BY NAVEEN KUMAR
In his new play Mothers and Sons, which opened on Broadway March 24 at the Golden Theatre, Terrence McNally offers a present snapshot of lives affected by the height of the AIDS crisis—a mother who lost her son in his prime, and the lover who survived him to eventually start his own family. While voicing a crucial chapter in LGBT history that bears repeating, the play feels more like a set of talking points about affluent gay male experience than a well-crafted drama.

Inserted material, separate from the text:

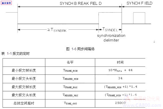 为了能清楚识别报文帧的开始,报文帧的第一个场是一个同步间隔。同步间隔场(SYNCH BREAK FIELD)是由主机任务发送,它使所有的从机任务与总线时钟信号同步。同步间隔场有两个不同的部分如图 1-6所示。第一个部分是由一个持续TSYNBRK或更长时间(即最小是TSYNBRK不需要很严格)的显性总线电平。接着的第二部分是最少持续TSYNDEL 时间的隐性电平,作为同步界定符。第二个场允许用来检测下一个同步场(SYNCH FIELD)的起始位。最大的间隔和界定符时间没有精确的定义,但必须符合整个报文头THEADER_MAX 的总体时间预算,THEADER_MAX在表 1-1中定义。

A wry, acerbic Tyne Daly is the play's emotional center (and indisputable highlight) as Katharine Gerard, the stubbornly intolerant mother to Andre, who died 20 years before the show begins. She arrives unannounced on the doorstep of her son's lover Cal (Frederick Weller), who cared for him until his death. Cal has a husband now, Will (Bobby Steggert), 15 years his junior, and a 6-year-old son Bud (Grayson Taylor).
Ensconced in a massive, tasteful apartment (designed by John Lee Beatty) with a sweeping view of Central Park, by all accounts the young family couldn't be happier. Cal is a successful money manger, Will is a stay-at-home writer-cum-full-time father, and Bud is so utterly self-possessed he could be a poster child for This Gay American Life.
And so, of course, history comes knocking. Why Katharine stops by and what she wants remain something of a mystery throughout, but mostly it's to drum up ghosts and open old wounds. Hers, it seems, have never healed, and she quickly resents Cal for moving on and starting a family with Will.
Ms. Daly is top notch, her dry wit and razor sharp delivery bringing to mind another Katharine — Hepburn, just past her prime fighting years. Her ability to draw out our sympathy for a prickly, somewhat bigoted and often bitter woman is impressive, especially given her role as the play's antagonist in an argument for progress.
In all fairness to Katharine, that argument is mostly one-sided, as she becomes a sounding board with her stockings firmly planted on the wrong side of history. The evening's bullet points fly at her from two directions—from Cal, who saw many of his peers die from AIDS, and Will, who grew up with a Millennial's expectations of a gay life not much different from those of his straight peers.
Where Katharine's arsenal is full of biting, amusing one-liners, Cal and Will speak as though life were a sort of elite cocktail party where being pedantic is part of the dress code. While we're surely on board with most everything they say, it's hard to really get behind them (except maybe to slip away and find someone less self-serious to mingle with).
For those, like Katharine, with a ways to go in opening their minds, McNally provides worthwhile, critical instruction. Though the play's rallying cry for tolerance, and for respect to those we lost in our culture war's most gruesome era would be that much more moving and persuasive were its gay characters a bit more flesh and blood.